Architecture of decoder

As a part of this research, a CNN-based unique and robust decoder is designed. The purpose of the decoder is to extract secret images from the stego images generated by any of the U-Net, V-Net, and U-Net++ based encoders.

As shown in Fig. 5, the decoder contains 11 convolution layers with different kernel sizes of 3 × 3, 4 × 4, and 5 × 5. Each kernel has multiple filters for enhancing the feature extraction capabilities of the decoder network. The convolution (CL) layers provide the feature maps as their outputs. The concatenation (CAT) of convolutional layers is performed to extract essential and useful semantic features from the feature maps⁴⁵. These features improve the learning of the model. The details of the output size and number of parameters at each layer are demonstrated in Table 2. In this, the first column gives the details of each layer of the network where conv is the convolution, and level shows the level of the convolution layer. The second column shows the output size obtained corresponding to each input layer. The last column indicates the number of parameters at each layer of the network.

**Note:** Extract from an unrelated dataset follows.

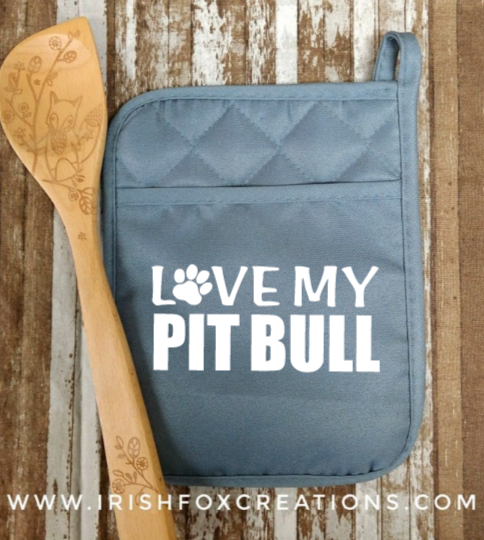 "Love my Pit Bull" with Heart Nose Pot Holder

Table 2 Structure of the decoder network .

Full size table

Training

In this research, the training and testing of the proposed architecture are carried out on a machine with RTX 2,080 Graphics Processing Unit (GPU) with 96 GB RAM and a 2 TB hard disk. The GPU runs with Ubuntu 16.04 operating system.

Dataset preparation

The dataset used for training the encoders and decoder is available online^46,47. The dataset comprises 6616 color images with 3 channels and dimensions of 256 × 256. To ensure robustness, the model is trained on the imagery dataset of different types.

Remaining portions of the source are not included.